= Duncan Laing =

New Zealand swimming coach (1933–2008)

Andrew James Duncan Laing (20 June 1933 – 13 September 2008), generally known as Duncan Laing, was a New Zealand swimming coach based in Dunedin. He coached Olympian Danyon Loader, winner of two gold medals at the 1996 Atlanta Olympics and a silver medal at Barcelona in 1992, and Philip Rush, current world record holder for the fastest two and three way swim of the English Channel.

== Early life ==
Laing was born in New Plymouth and rose to sporting prominence in both swimming and rugby, playing 28 first class matches for Taranaki between 1952-1955. He also picked up numerous swimming titles during the 1940s and was a strong surf life saver, winning the Nelson Shield with the Fitzroy Surf Life Saving Club.

He was working at New Plymouth’s Kawaroa Pool as a volunteer swim coach and had built a home near New Plymouth's Rugby Park in the hope of picking up rugby coaching opportunities but plans changed when he saw an advertisement for a swim coach at Dunedin's Moana Pool.
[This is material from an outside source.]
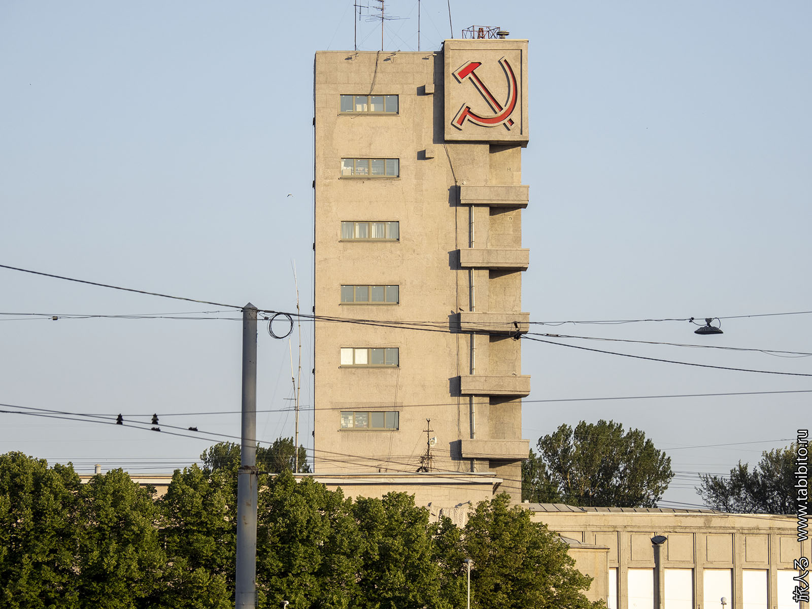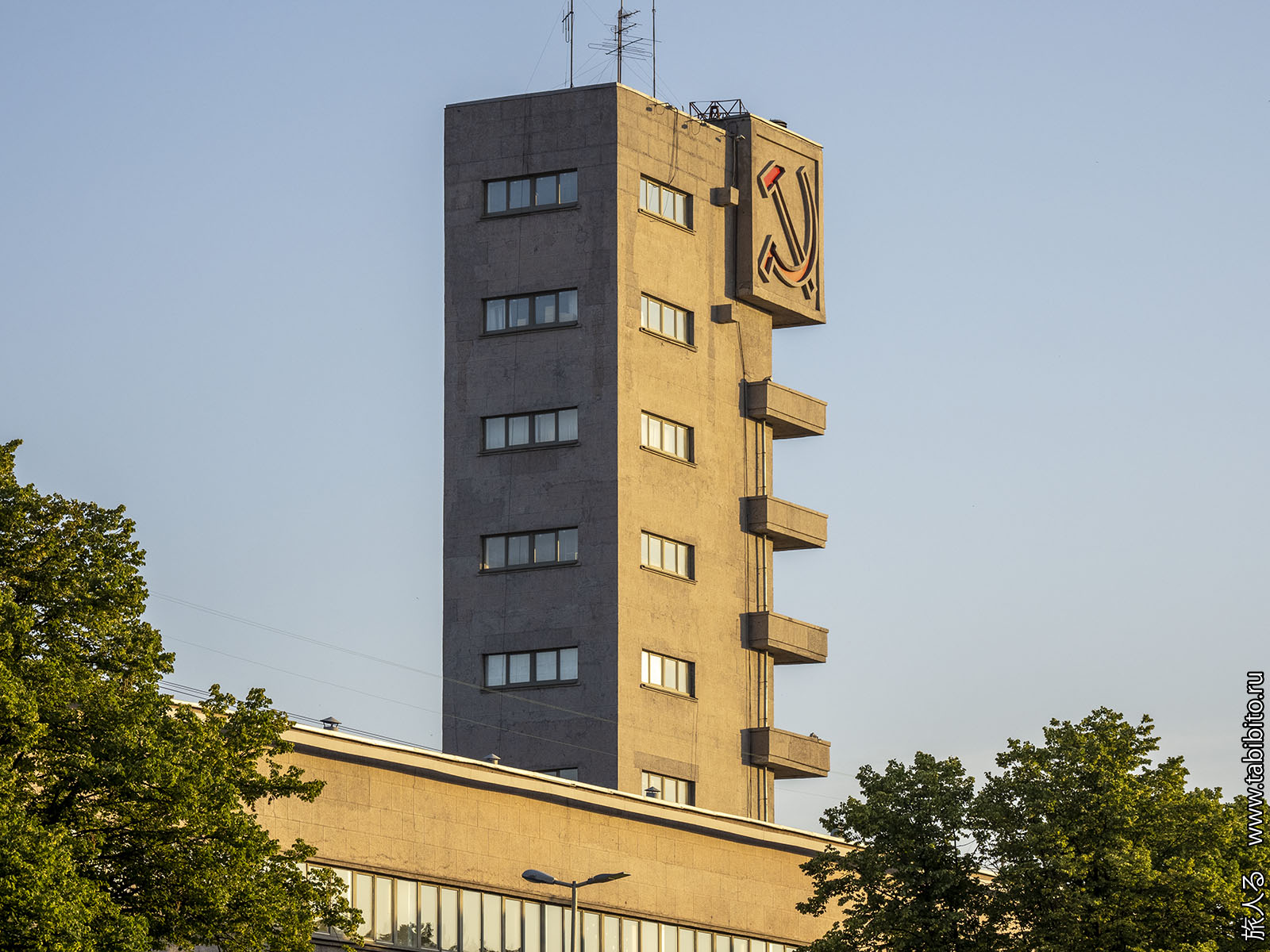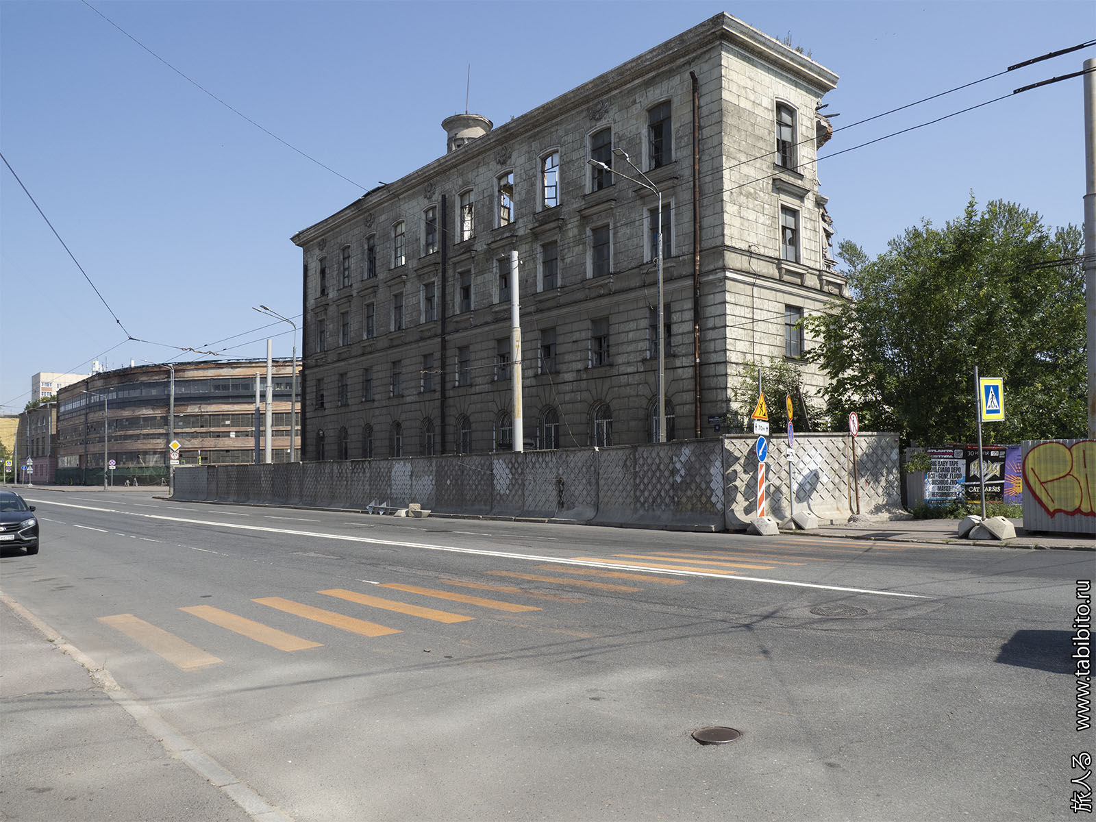 Напротив здания НИЦ РвиА — бывший цех металлоизделий завода «Спорт» (1965). Настолько уродлив, что стоило бы тоже признать памятником.

== Dunedin coaching career ==
He began teaching at Moana Pool in 1966, and over 40 years training in Dunedin included 11 Olympic athletes. In 2003, Michael Phelps visited New Zealand to train under Laing.

His involvement in rugby continued as he coached senior club rugby teams and was a selector for Otago from 1982 -1985.

== Personal life ==
He married Betty Burgess in 1951, and they had six children, four sons and two daughters (one deceased). He also ran the Moana House rehabilitation centre with his wife.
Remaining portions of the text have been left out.